Anime World Tour- Last Exile
Welcome to the world of Prestale, where vanships roam the skies and the nobles enjoy a life of luxury and plenty even as the commoners struggle to find clean water. Fear not, however, for during your stay on our planet, the Maestro Delphine will kindly allow you to sample all of the delicacies the Guild has to offer- for a price. Be it crucifixion in roses or gladiatorial combat to the death, you can be sure that your time at the Guild will never lack for excitement!
For those on a more modest budget, however, we recommend the planetary surface package- it may not be as glamorous, but you will be able to watch vanships in flight, bet on chocobo races and much, much more!
Mini-editorial: Blogging the British way
Now apparently, the mere act of being British is enough to level up one’s blogging, and truly our allies in other countries must be wondering- how can we ever compete with those tea-sipping villains? Well, kind as I am, I have decided to put together the secrets of blogging success, and you won’t even have to emigrate to achieve them.
- Drink plenty of tea: tea is the fuel of Britain; without it, we cannot function. By sipping tea regularly, you can increase brain function and write yards of flawless, fascinating prose.

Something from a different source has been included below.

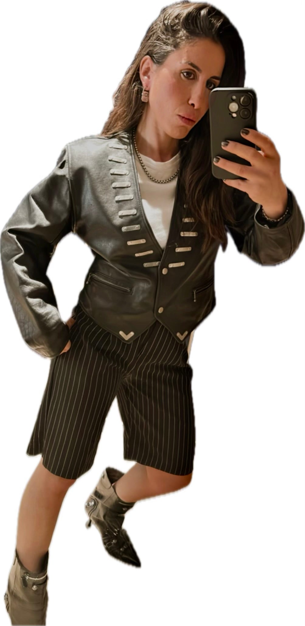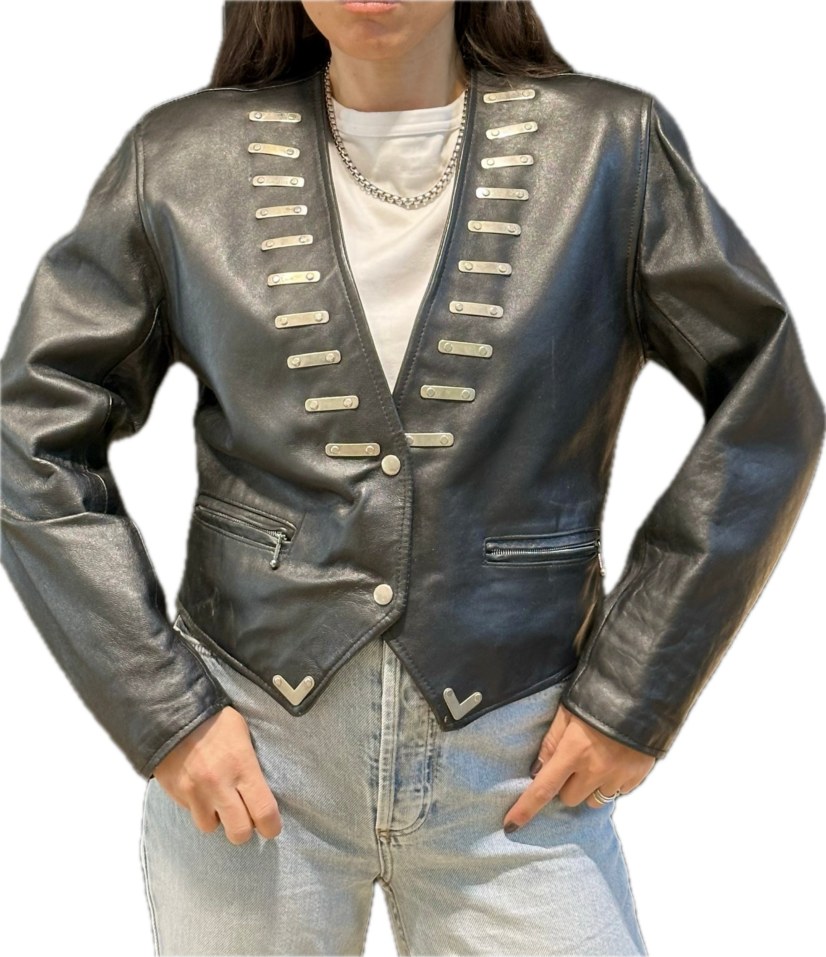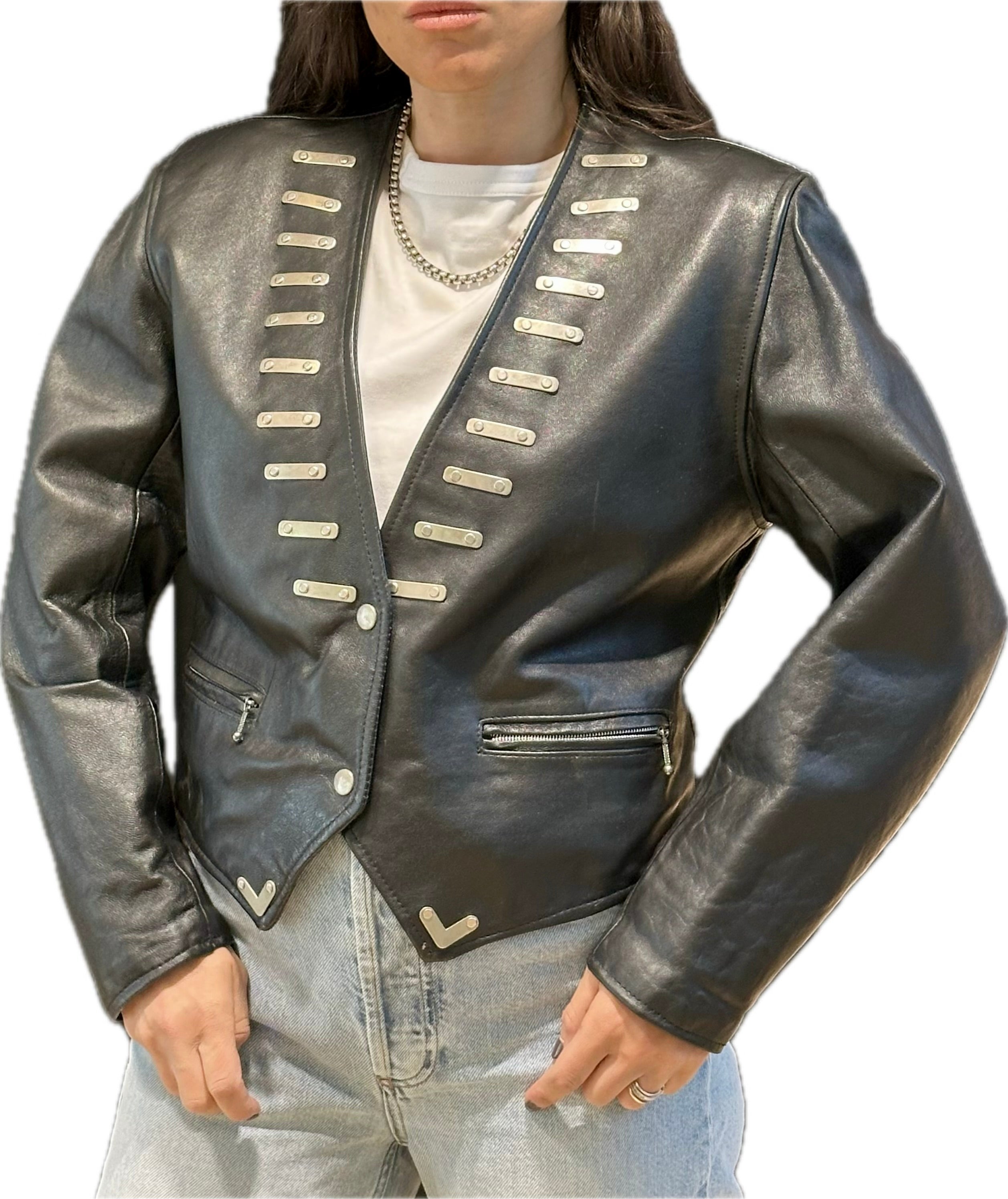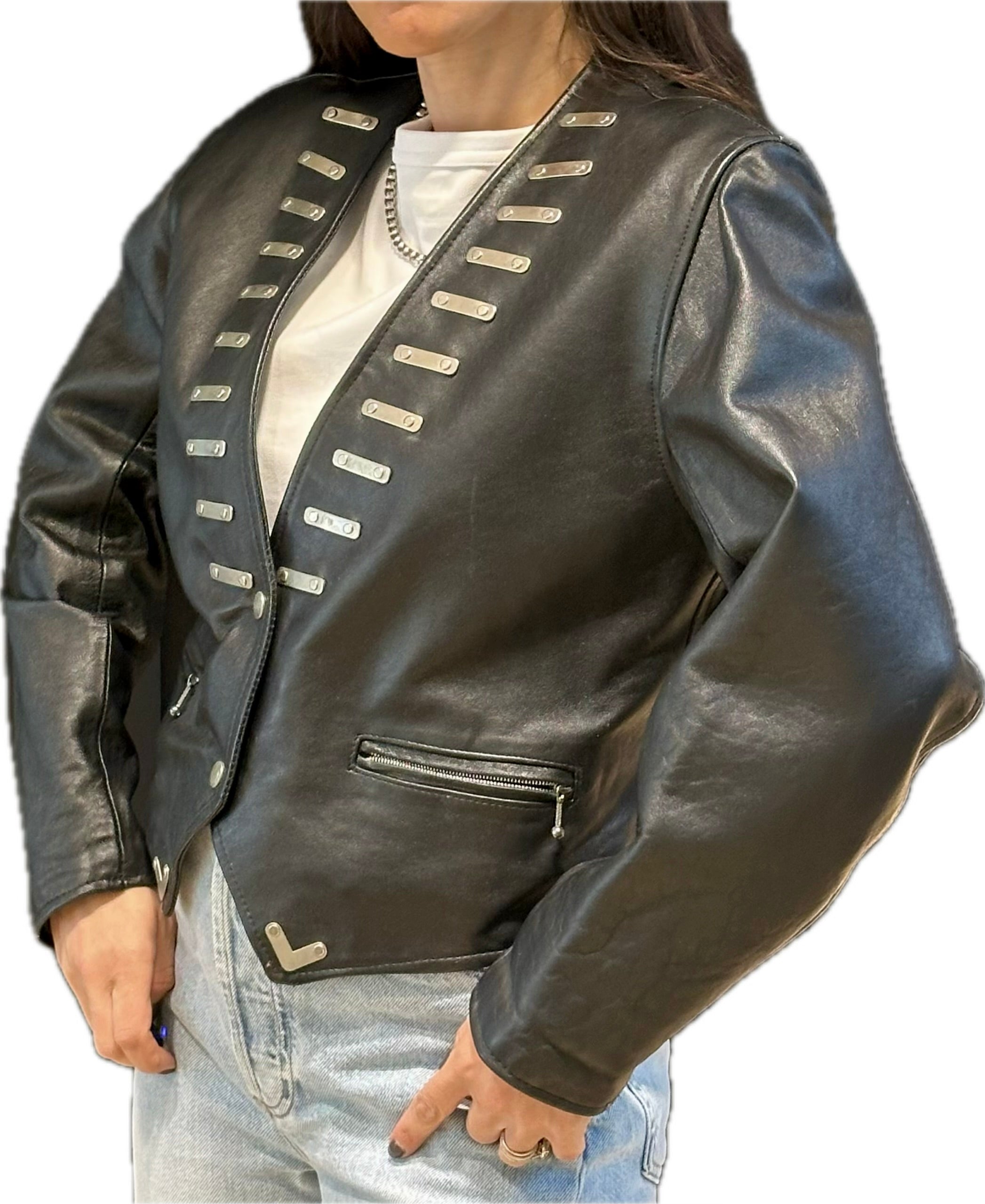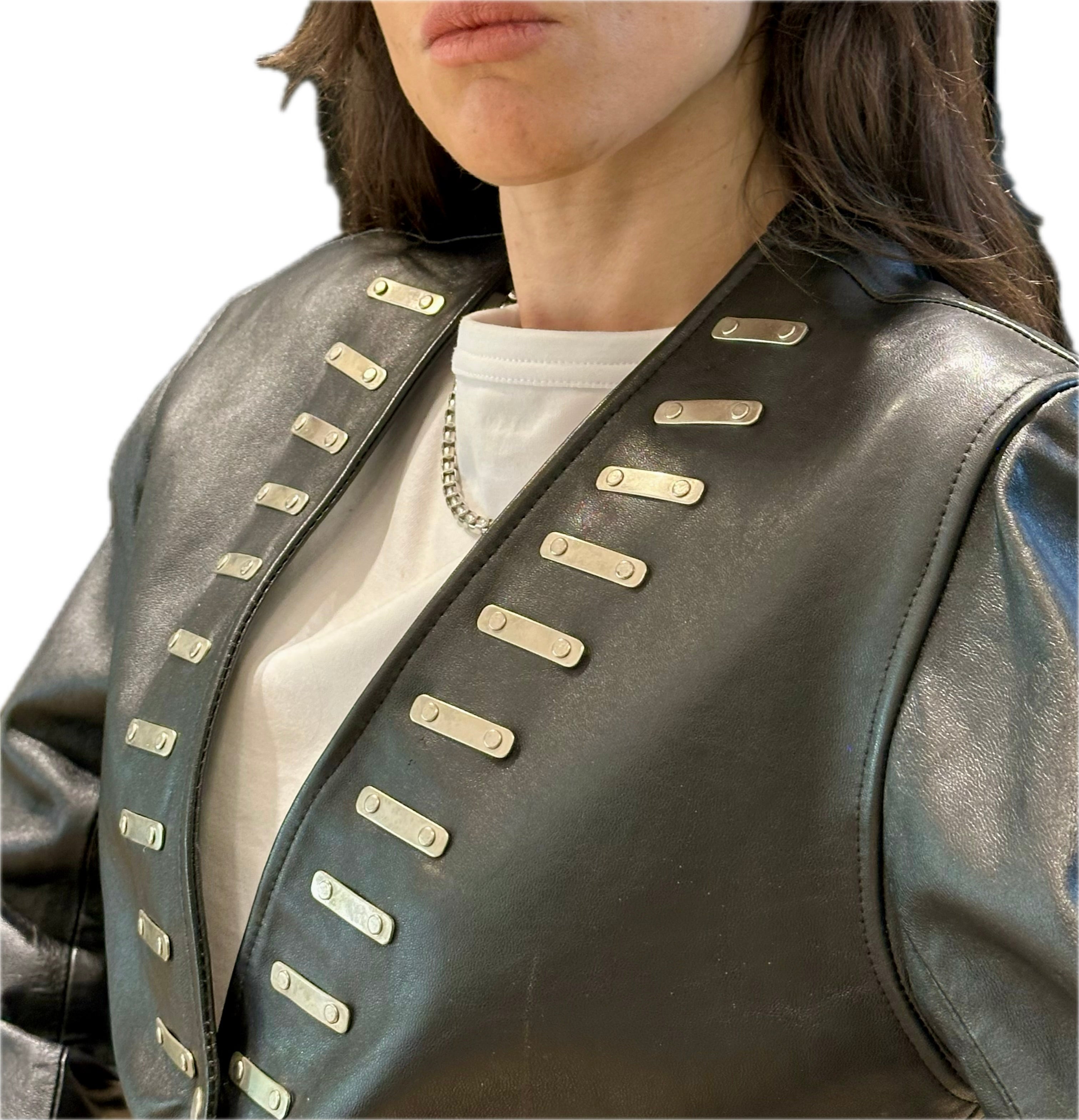 Confectionnée dans un cuir de qualité, cette veste se distingue par ses élégantes plaques argentées qui ornent le col sur toute sa longueur et le bas de la veste, ajoutant un éclat métallique subtil et original.

- Force everyone to speak the language: English may not be your first language, but we demand that you blog in it to demonstrate our apparent superiority and hide our inability to write in any other language. Unfortunately for all concerned, the English language has about a million words, of which the average native speaker knows 10,000- if we only know 1% of our own language, how can anyone else ever be expected to master it?
- Rename your country: Naming it “Great Britain” must truly have had an effect- try renaming your nation to something like “Fabulous Germany” or “Awesome Malaysia” to see if it helps.
- Master our culture and history by watching Blackadder– this will teach you relevant historical facts and demonstrate the use of humour, sarcasm and irony at its best.
In Your Reflection
This week sees a head-to-head between Aria’s Alice and Minami-ke’s Chiaki; both are the youngest of their respective main character groups, with a cool know-it-all attitude and a tendency to be blunt in their assessment of other people. Nonetheless, both of them can act childish at times, be it trying to get home by only walking in shadows, or naming a rock and kicking it all the way home
Amusing Search Terms
Old favourite: you toube sex
anime girls with ears: they mostly do have ears, unless they’ve been in some kind of accident.
animeblogger girl wrestling: Hmm, I wonder what my fellow female bloggers would think of taking part in such a thing.
“mechanic”+”ardavan”: Were you searching for Makai Kingdom or physics information?
anime girl free herself to Christmas: Hmm…
removing bikini: Quite simple, really.
“damned souls” naked: Naked prinnies! Shocking!
use me for sex: Don’t you think we should get to know each other first?
“rpg maker”breast: Breasts in RMXP are mere pixels.
“Zimbabwe: $10bn Cash Deal -…
Mutekede tendered her mobile phone to the court which showed five text messages she sent Kadzura after her arrest and…”
…and what happens next? It’s like my very own soap opera!
“Fundraiser focuses on ”Beginnings” -…
Silent and live auction items include VIP seats to Broadway shows; a New York City package featuring a taping of…”
“cuppoodles in wilkes county”
nAre these dogs that double as teacups?
“blood clot color diagram”
Please, you have to elaborate on this one. I remember this movie celebrity I meet that would chuckle at this….”
Alan isn’t a man to elaborate on such things.
“asked question tattoos of gypsy girl”
I don’t know what tattoos she had, to be honest. Sorry.